◆ **ACTIVITY**: For this exercise, write out only the lines of the entries below from the one with "疲れていたし、おなかもすいて" up to and including the one with "Proses pelantikan pejabat", exactly as they are. Pictures stay out.

◆ **EXERCISE MATERIAL**:
————————
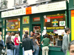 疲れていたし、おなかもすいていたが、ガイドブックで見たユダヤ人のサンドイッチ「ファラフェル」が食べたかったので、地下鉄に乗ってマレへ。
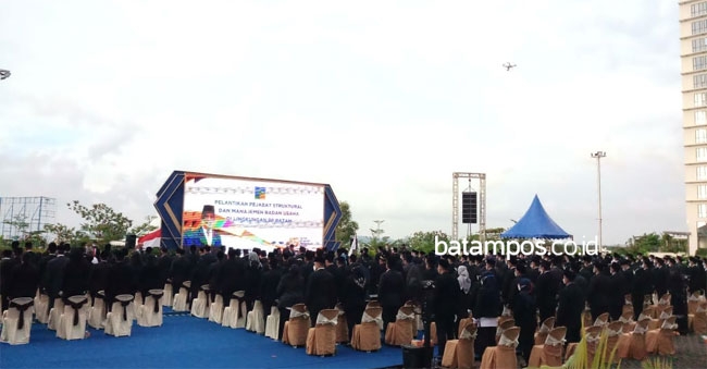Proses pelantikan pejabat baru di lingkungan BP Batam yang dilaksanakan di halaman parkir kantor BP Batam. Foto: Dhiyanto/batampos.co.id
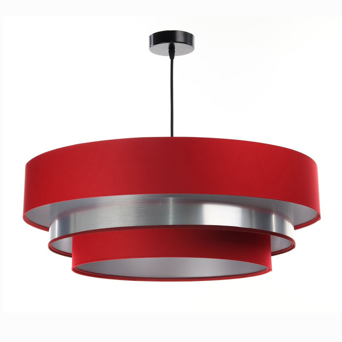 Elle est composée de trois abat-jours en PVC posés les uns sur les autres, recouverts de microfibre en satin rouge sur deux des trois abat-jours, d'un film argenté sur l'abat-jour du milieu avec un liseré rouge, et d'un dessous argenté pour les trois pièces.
————————
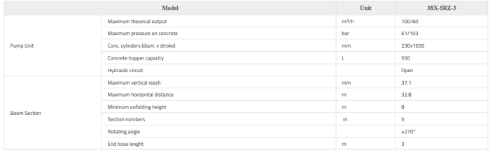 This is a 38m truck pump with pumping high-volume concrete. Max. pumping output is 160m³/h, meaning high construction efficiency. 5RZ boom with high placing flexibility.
————————
◆ **TASK SOLUTION**:
 疲れていたし、おなかもすいていたが、ガイドブックで見たユダヤ人のサンドイッチ「ファラフェル」が食べたかったので、地下鉄に乗ってマレへ。
Proses pelantikan pejabat baru di lingkungan BP Batam yang dilaksanakan di halaman parkir kantor BP Batam. Foto: Dhiyanto/batampos.co.id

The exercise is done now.